Data block:

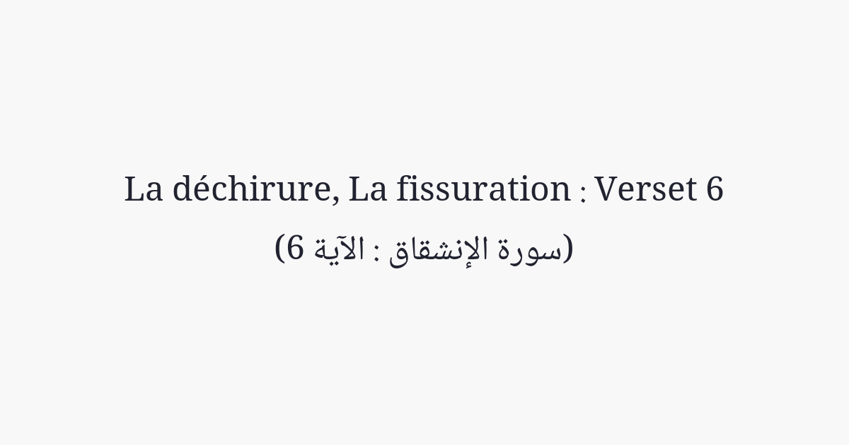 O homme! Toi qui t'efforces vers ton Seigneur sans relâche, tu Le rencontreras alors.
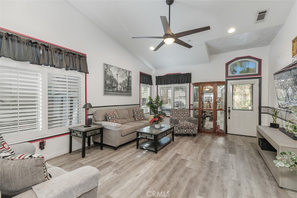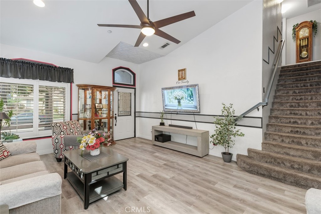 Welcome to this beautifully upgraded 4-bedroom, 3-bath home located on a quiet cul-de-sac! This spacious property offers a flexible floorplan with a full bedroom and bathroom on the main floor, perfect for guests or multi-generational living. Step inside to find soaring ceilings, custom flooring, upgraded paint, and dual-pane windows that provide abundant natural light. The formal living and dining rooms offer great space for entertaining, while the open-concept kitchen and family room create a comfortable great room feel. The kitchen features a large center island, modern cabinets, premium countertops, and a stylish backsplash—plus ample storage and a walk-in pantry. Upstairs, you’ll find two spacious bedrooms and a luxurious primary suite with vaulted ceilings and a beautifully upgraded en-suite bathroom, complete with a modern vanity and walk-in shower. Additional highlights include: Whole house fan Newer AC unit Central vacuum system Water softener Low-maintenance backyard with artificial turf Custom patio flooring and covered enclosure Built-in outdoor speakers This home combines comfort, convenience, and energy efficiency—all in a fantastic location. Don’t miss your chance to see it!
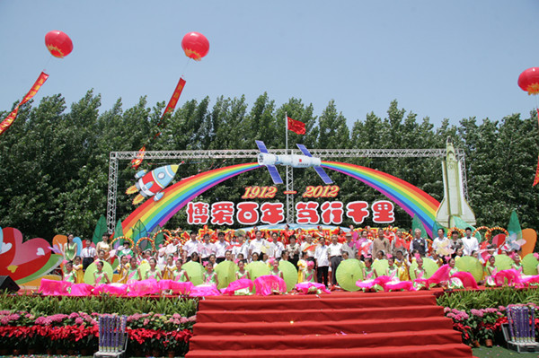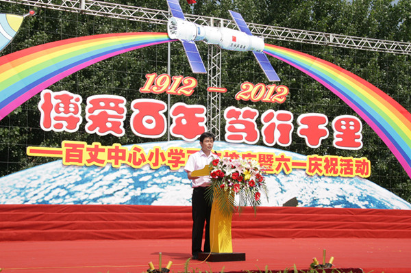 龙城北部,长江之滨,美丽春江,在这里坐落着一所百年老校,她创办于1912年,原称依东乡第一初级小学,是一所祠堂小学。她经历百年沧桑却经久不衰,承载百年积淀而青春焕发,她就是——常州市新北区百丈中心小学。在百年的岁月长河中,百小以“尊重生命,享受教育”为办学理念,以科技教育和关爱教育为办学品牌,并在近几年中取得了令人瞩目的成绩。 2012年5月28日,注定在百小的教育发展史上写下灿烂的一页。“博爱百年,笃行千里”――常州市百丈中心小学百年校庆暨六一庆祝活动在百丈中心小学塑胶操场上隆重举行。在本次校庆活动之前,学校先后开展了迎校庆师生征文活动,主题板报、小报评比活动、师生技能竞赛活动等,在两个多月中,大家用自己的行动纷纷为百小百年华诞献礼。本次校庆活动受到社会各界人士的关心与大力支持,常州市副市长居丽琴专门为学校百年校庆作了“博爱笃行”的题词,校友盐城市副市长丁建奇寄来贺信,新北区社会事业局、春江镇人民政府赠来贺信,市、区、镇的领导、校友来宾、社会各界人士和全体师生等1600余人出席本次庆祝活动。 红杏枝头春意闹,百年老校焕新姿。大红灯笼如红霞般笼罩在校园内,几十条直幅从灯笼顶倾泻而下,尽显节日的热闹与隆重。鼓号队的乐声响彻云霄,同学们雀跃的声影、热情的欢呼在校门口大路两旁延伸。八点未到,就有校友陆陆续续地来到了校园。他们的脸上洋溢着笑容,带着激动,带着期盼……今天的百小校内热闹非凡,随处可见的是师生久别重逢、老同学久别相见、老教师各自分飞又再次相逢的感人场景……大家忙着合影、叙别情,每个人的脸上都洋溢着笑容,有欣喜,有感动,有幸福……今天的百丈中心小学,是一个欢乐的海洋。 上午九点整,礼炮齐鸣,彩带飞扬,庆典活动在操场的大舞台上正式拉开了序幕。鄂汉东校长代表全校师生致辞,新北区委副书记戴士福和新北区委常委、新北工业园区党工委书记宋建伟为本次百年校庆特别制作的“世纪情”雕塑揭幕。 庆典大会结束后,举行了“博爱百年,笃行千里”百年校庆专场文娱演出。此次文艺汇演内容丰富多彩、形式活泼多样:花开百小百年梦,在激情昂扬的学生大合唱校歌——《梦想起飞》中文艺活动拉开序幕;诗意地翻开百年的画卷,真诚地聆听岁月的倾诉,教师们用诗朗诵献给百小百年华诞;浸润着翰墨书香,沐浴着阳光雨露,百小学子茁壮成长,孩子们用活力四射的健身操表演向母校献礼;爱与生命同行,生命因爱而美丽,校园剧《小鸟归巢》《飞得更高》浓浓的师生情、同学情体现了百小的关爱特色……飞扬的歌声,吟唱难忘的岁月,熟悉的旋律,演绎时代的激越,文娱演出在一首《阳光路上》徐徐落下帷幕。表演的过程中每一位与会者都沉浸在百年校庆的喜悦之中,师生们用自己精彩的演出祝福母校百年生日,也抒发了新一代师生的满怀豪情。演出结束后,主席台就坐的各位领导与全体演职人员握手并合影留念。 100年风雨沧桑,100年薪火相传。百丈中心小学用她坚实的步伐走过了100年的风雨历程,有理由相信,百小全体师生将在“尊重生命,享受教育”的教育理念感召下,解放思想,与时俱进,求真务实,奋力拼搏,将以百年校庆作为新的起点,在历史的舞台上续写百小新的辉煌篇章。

Aim of the exercise: Would you return the data above exactly as written, minus the images?

Written solution:
 O homme! Toi qui t'efforces vers ton Seigneur sans relâche, tu Le rencontreras alors.
 Welcome to this beautifully upgraded 4-bedroom, 3-bath home located on a quiet cul-de-sac! This spacious property offers a flexible floorplan with a full bedroom and bathroom on the main floor, perfect for guests or multi-generational living. Step inside to find soaring ceilings, custom flooring, upgraded paint, and dual-pane windows that provide abundant natural light. The formal living and dining rooms offer great space for entertaining, while the open-concept kitchen and family room create a comfortable great room feel. The kitchen features a large center island, modern cabinets, premium countertops, and a stylish backsplash—plus ample storage and a walk-in pantry. Upstairs, you’ll find two spacious bedrooms and a luxurious primary suite with vaulted ceilings and a beautifully upgraded en-suite bathroom, complete with a modern vanity and walk-in shower. Additional highlights include: Whole house fan Newer AC unit Central vacuum system Water softener Low-maintenance backyard with artificial turf Custom patio flooring and covered enclosure Built-in outdoor speakers This home combines comfort, convenience, and energy efficiency—all in a fantastic location. Don’t miss your chance to see it!
 龙城北部,长江之滨,美丽春江,在这里坐落着一所百年老校,她创办于1912年,原称依东乡第一初级小学,是一所祠堂小学。她经历百年沧桑却经久不衰,承载百年积淀而青春焕发,她就是——常州市新北区百丈中心小学。在百年的岁月长河中,百小以“尊重生命,享受教育”为办学理念,以科技教育和关爱教育为办学品牌,并在近几年中取得了令人瞩目的成绩。 2012年5月28日,注定在百小的教育发展史上写下灿烂的一页。“博爱百年,笃行千里”――常州市百丈中心小学百年校庆暨六一庆祝活动在百丈中心小学塑胶操场上隆重举行。在本次校庆活动之前,学校先后开展了迎校庆师生征文活动,主题板报、小报评比活动、师生技能竞赛活动等,在两个多月中,大家用自己的行动纷纷为百小百年华诞献礼。本次校庆活动受到社会各界人士的关心与大力支持,常州市副市长居丽琴专门为学校百年校庆作了“博爱笃行”的题词,校友盐城市副市长丁建奇寄来贺信,新北区社会事业局、春江镇人民政府赠来贺信,市、区、镇的领导、校友来宾、社会各界人士和全体师生等1600余人出席本次庆祝活动。 红杏枝头春意闹,百年老校焕新姿。大红灯笼如红霞般笼罩在校园内,几十条直幅从灯笼顶倾泻而下,尽显节日的热闹与隆重。鼓号队的乐声响彻云霄,同学们雀跃的声影、热情的欢呼在校门口大路两旁延伸。八点未到,就有校友陆陆续续地来到了校园。他们的脸上洋溢着笑容,带着激动,带着期盼……今天的百小校内热闹非凡,随处可见的是师生久别重逢、老同学久别相见、老教师各自分飞又再次相逢的感人场景……大家忙着合影、叙别情,每个人的脸上都洋溢着笑容,有欣喜,有感动,有幸福……今天的百丈中心小学,是一个欢乐的海洋。 上午九点整,礼炮齐鸣,彩带飞扬,庆典活动在操场的大舞台上正式拉开了序幕。鄂汉东校长代表全校师生致辞,新北区委副书记戴士福和新北区委常委、新北工业园区党工委书记宋建伟为本次百年校庆特别制作的“世纪情”雕塑揭幕。 庆典大会结束后,举行了“博爱百年,笃行千里”百年校庆专场文娱演出。此次文艺汇演内容丰富多彩、形式活泼多样:花开百小百年梦,在激情昂扬的学生大合唱校歌——《梦想起飞》中文艺活动拉开序幕;诗意地翻开百年的画卷,真诚地聆听岁月的倾诉,教师们用诗朗诵献给百小百年华诞;浸润着翰墨书香,沐浴着阳光雨露,百小学子茁壮成长,孩子们用活力四射的健身操表演向母校献礼;爱与生命同行,生命因爱而美丽,校园剧《小鸟归巢》《飞得更高》浓浓的师生情、同学情体现了百小的关爱特色……飞扬的歌声,吟唱难忘的岁月,熟悉的旋律,演绎时代的激越,文娱演出在一首《阳光路上》徐徐落下帷幕。表演的过程中每一位与会者都沉浸在百年校庆的喜悦之中,师生们用自己精彩的演出祝福母校百年生日,也抒发了新一代师生的满怀豪情。演出结束后,主席台就坐的各位领导与全体演职人员握手并合影留念。 100年风雨沧桑,100年薪火相传。百丈中心小学用她坚实的步伐走过了100年的风雨历程,有理由相信,百小全体师生将在“尊重生命,享受教育”的教育理念感召下,解放思想,与时俱进,求真务实,奋力拼搏,将以百年校庆作为新的起点,在历史的舞台上续写百小新的辉煌篇章。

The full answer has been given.